Equivalence of the Bioimpedance and Thermodilution Methods in Measuring Cardiac Output in Hospitalized Patients with Advanced, Decompensated Chronic Heart Failure
Overview
Affiliations
Background: An accurate and reliable noninvasive method for determining cardiac output/cardiac index would be valuable for patients with acutely decompensated advanced systolic heart failure.
Objectives: To determine whether a correlation exists for cardiac output and index determined by using bioimpedance and thermodilution in patients with acutely decompensated complex heart failure and if differences between results with the 2 methods could be explained by the patients' advanced condition.

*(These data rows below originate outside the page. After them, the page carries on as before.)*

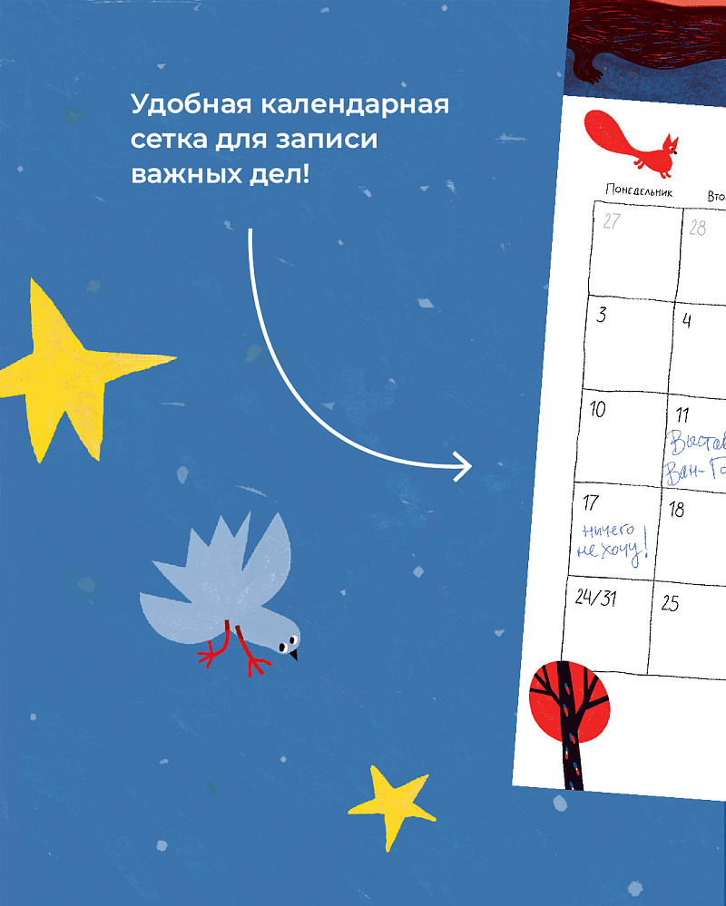 • Интересный и удобный формат, который напоминает книжки из Поэтической серии. Календарная сетка с удобными ячейками для записи важных дел на каждый день;
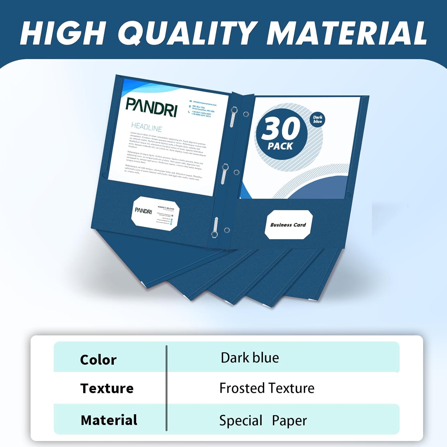 Two Pocket Folders, PANDRI 30 Pack Two Pocket Folders with Prongs, 3 Prong Folders Designed for Office and Classroom, Letter Size Darkblue
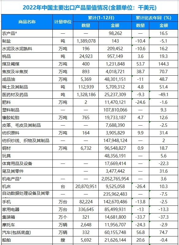 一、2022年中国主要出口产品量值情况
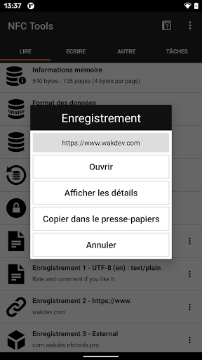 NFC Tools est une application qui vous permet de lire, écrire et programmer des tâches sur vos tags NFC et autres puces NFC compatibles.
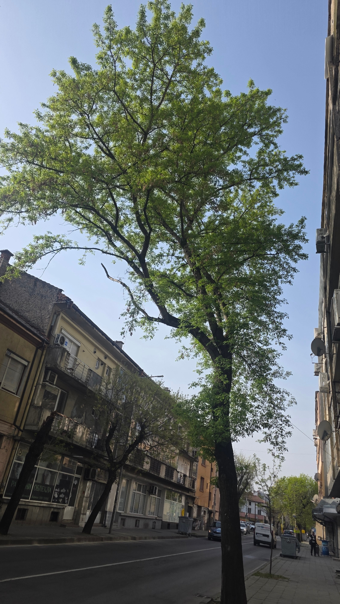 The image depicts a street scene in Blagoevgrad, Bulgaria, characterized by trees lining the sidewalk, buildings, and a clear sky. The main subject is a large, mature tree with green foliage, positio…read more
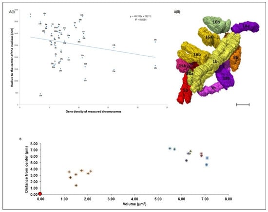 Spatial chromosome organization using SBFSEM. (A(i)) A 2D scatter diagram showing the radial organization of 46 chromosomes within a prophase nucleus. These chromosomes have a gene-density-based correlation with the radius of the nucleus. (A(ii)) A reconstructed 3D neighborhood cluster of prophase chromosomes (prepared from lymphocytes), showing 10 chromosomes that are in close proximity to chromosome 1 (1b) Scale bar—1 µm []. (B) A 2D scatter diagram showing the radial organization of largest (1–5) and smallest (19–22) metaphase chromosomes within an RPE cell. The chromosomes followed a volume-based correlation [].
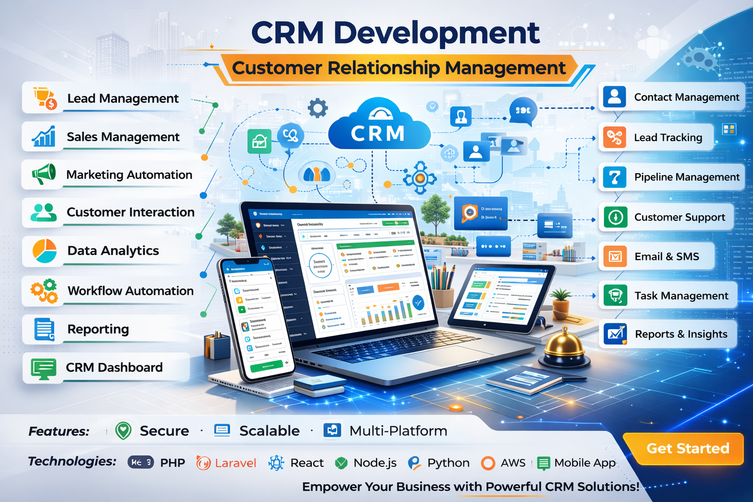 We develop secure, scalable, and cloud-based CRM systems tailored to your business needs. Whether you need a simple lead tracking system or a complete enterprise CRM solution, we deliver powerful and user-friendly software with advanced automation features.
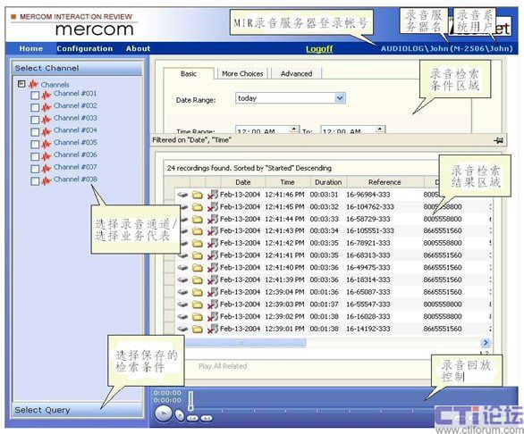 Web介面的錄音查詢及撥放功能,可以多重條件復(fù)合式查詢。
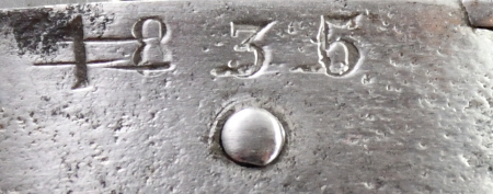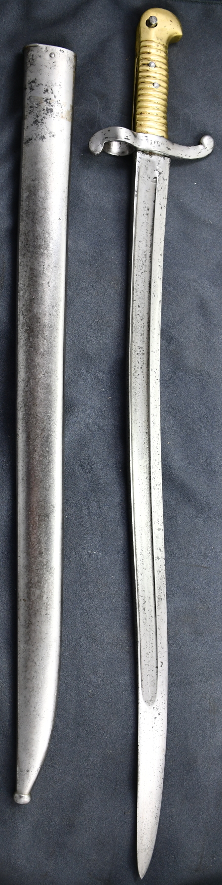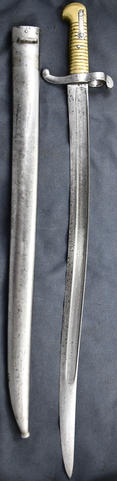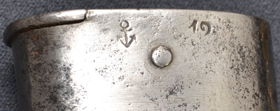 | Das vorliegende Stück wurde 1855 in Châtellerault hergestellt, und trägt keinen Stempel als Hinweis auf den Verwendungszweck "M" oder "C". Der Durchmesser des Mündungsringes beträgt rund 23mm (ist allerdings etwas verformt, aber gut messbar), so daß das Bajonett für den Carabine vorgesehen war. Die Klingeninschrift ist nur teilweise lesbar, xxx Châtellerault Mars(?)1855. Die Hohlkehle ist schmal, der Abschluß der Parierstange abgerundet - die typische späte Variante. Die Parierstange trägt einen Anker, ein Zeichen sowohl der Marine als auch von Kolonialtruppen, so daß die Verwendung nicht ganz klar ist. Auch die nicht nummerngleiche, also ergänzte, Scheide trägt einen Ankerstempel, allerdings eine andere Variante. |
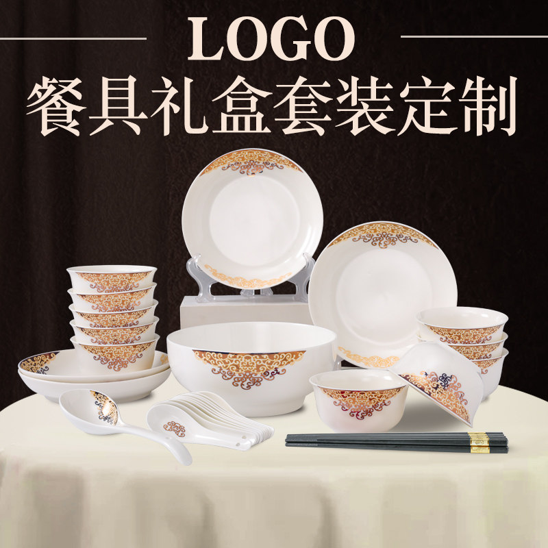 📚 陶瓷餐具礼品定制碗盘碟套装盒子印logo楼盘保险送礼骨瓷套碗礼盒
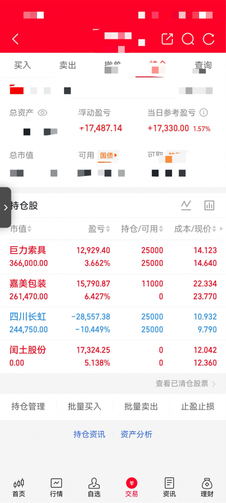 目前持有:$嘉美包装(SZ002969)$ $巨力索具(SZ002342)$ $四川长虹(SH600839)$

Methods: Cardiac output and index were determined by using bioimpedance and thermodilution in 33 patients. Echocardiographic and electrocardiographic data were assessed to determine if differences between results with the 2 methods could be explained by the patients' advanced condition. Concordance correlation coefficients and Bland-Altman agreement between methods were calculated.
Results: Four patients were excluded from analysis because reliable measurements could not be obtained; the remaining 29 patients constituted the study population. Mean cardiac outputs determined by thermodilution and bioimpedance were 5.48 and 5.40 L/min, respectively (rhoc = 0.89, P < .001), and mean cardiac indexes were 2.67 and 2.65 (rhoc = 0.82, P < .001). Mean bias (limits of agreement) between data pairs was 0.08 (-0.18 to 0.35) L/min (P = .52) for cardiac output and 0.03 (-0.097 to 0.16; P = .61) for cardiac index. Six data pairs (21%) had an absolute percent difference greater than 15%. Of these, 50% had a higher thermodilution value.
Conclusion: Determinations of cardiac output and index by both methods were significantly correlated. Mean bias between the 2 methods was small, suggesting clinical utility for bioimpedance in patients with complex decompensated heart failure.